Zilla here (one of the Sad Bastard Cookbook authors). Thanks so much for your support ... I'm lowkey dropping "front page of Hacker News" when I talk to Amazon Service reps now, in the vague hope they have any power to actually help me. I think I've reached at least one real person, but in the days of AI voice chat, who can tell?
Many of you asked why we use Amazon as the exclusive printer/distributor of the print edition. Variations of this happened to basically every self-pub author I've met, so why didn't I use another platform?
1) Reach. As Ma8ee pointed out, there's literally dozens of people buying books online but not on Amazon. If I want readers to find it, I need to be on Amazon. Bonus, one of the most important controlling factors in new people finding your book is whether the Amazon promo algorithim suggests the book to them, so any sale off Amazon doesn't contribute to building an avalanche. The game's rigged, but it's the only game in town.
2) Money/quality. Last time I checked (few years back, things might have changed), Draft2Digital print books were bad quality. Ingram print books are decent quality but their calculation for printing fees and royalties means they usually don't pay out at nearly the same rate. I've not compared directly for the Cookbook, but for Instant Classic, it's the difference between making a couple dollars or a couple cents. We did it for Instant Classic as a service for people who despise Amazon, but the royalties from the Cookbook are a substantial factor in "eating" and "making rent" for one of the Cookbook team, so there's a limit to how much I want to give away the print edition of the Cookbook. Especially if "giving it away" involves the reader paying Ingram, just not us. If anyone knows a print-on-demand distributor who pays out enough in royalties for authors to make money, please respond to this.
3) Distribution. We're small fry self-pub, without a big publishing house behind us. I've looked around for places which will take us on self-pub books and distribute them, and the options are pretty limited. I'm convinced we'd sell in brick-and-mortar stores, but that's typically not an option for self-pub unless you approach the owner of an independent bookshop on an individual basis. (We approached a couple proper distributors who accept query letters from non-traditionally published books, but they focused on specific genres and we weren't the right fit.) Basically, if you're not traditionally published, you're looking at Amazon, Ingram, or Draft2Digital to print and distribute your books. If anyone knows of other printer/distributors which take self-pub books, PLEASE tell me.
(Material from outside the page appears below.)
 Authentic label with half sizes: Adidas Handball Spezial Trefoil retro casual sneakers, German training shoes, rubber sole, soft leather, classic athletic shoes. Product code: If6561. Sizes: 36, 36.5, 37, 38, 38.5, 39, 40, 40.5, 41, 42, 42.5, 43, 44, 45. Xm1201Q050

ETA: people are informing me that Ingram can make money, and that Lulu exists. I am investigating.
I've had good luck with Lulu. My experience was short-runs. I sometimes like to make custom notebooks for myself and friends. But the quality was good. Lulu will print spiral fold flat editions. Might come in handy for a cookbook.
I've also had good luck with Blurb. They do high quality photobooks. Which isn't what you're selling, but I'm mentioning them because they will offer your book for sale, print-on-demand, via their site. And wouldn't be surprised if they have a way of selling via Amazon. They wouldn't be a bad choice if you wanted to sell a $50+ coffee table edition of your cookbook. Or a bit lower for a paperback edition.
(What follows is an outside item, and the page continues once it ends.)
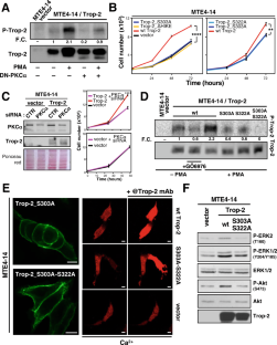 Mori Y, Akita K, Ojima K, Iwamoto S, Yamashita T, Morii E, et al. Trophoblast cell surface antigen 2 (Trop-2) phosphorylation by protein kinase C alpha/delta (PKCalpha/delta) enhances cell motility. J Biol Chem. 2019;294:11513–24.

Oh thank you, I'll look into that!
I'll second both LuLu and Blurb for photo books though it's been quite a while since I used either. (I've usually used Blurb but I did go with LuLu once or twice for reasons I forget.)
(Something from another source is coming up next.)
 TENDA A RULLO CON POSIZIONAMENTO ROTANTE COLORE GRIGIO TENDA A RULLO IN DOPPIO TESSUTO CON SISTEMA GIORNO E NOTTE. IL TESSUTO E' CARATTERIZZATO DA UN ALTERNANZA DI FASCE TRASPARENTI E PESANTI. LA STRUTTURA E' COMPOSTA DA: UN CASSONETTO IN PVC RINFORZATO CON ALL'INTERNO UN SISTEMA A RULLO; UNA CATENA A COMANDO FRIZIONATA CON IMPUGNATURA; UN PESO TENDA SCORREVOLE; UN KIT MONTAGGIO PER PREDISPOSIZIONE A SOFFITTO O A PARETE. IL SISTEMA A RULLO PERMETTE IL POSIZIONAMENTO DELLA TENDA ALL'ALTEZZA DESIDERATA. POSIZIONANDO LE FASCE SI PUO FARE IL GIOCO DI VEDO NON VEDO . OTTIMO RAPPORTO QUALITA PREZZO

Indie publisher here. Sorry to hear about this. Among the numerous frustrations that publishers and sellers report when dealing with Amazon, automated lockouts are near the top of the list. Inability to get a clear explanation or knowledgeable human support are close behind.
I always tell other publishers that Amazon's seller tech is like a rickety roller coaster with lots of kludged together components - built to go fast, but with lots of loose bits that rattle and sometimes cause the system to fail. Technology glitches, bad UI design, poor communication, and complex policy requirements lead to a huge support burden. Even if you can get a good Amazon support agent, they are not always able to diagnose certain problems, let alone provide a fix.
The parts of the company facing small publishers and third-party sellers is extremely siloed, which makes things even worse for sellers trying to get through complex issues touching multiple services. Reporting something like "I can't get Amazon Advertising to connect with my KDP account" can lead to runarounds that require multiple tickets or are never solved.
Regarding distribution: I don't use a distributor owing to the lead time required and the huge commissions involved, but a few I know work with IPG (https://www.ipgbook.com/). If you have a track record of sales, that can open the door to distribution and potentially help get through the Amazon problems you are experiencing as they have direct contacts with back-end Amazon staff.
Had I known bout this book before it got removed, I would have bought a copy.
Just checked, interestingly it is still available for on demand order via other channels. Wonder if they still print it and only delist on their own frontend [0]. Maybe it is a bit of compensation if they profit from the Streisand effect.
Regarding Amazon I find it funny that they actually engage quite a few people e.g. for tech support of end users. I think they know where to optimize..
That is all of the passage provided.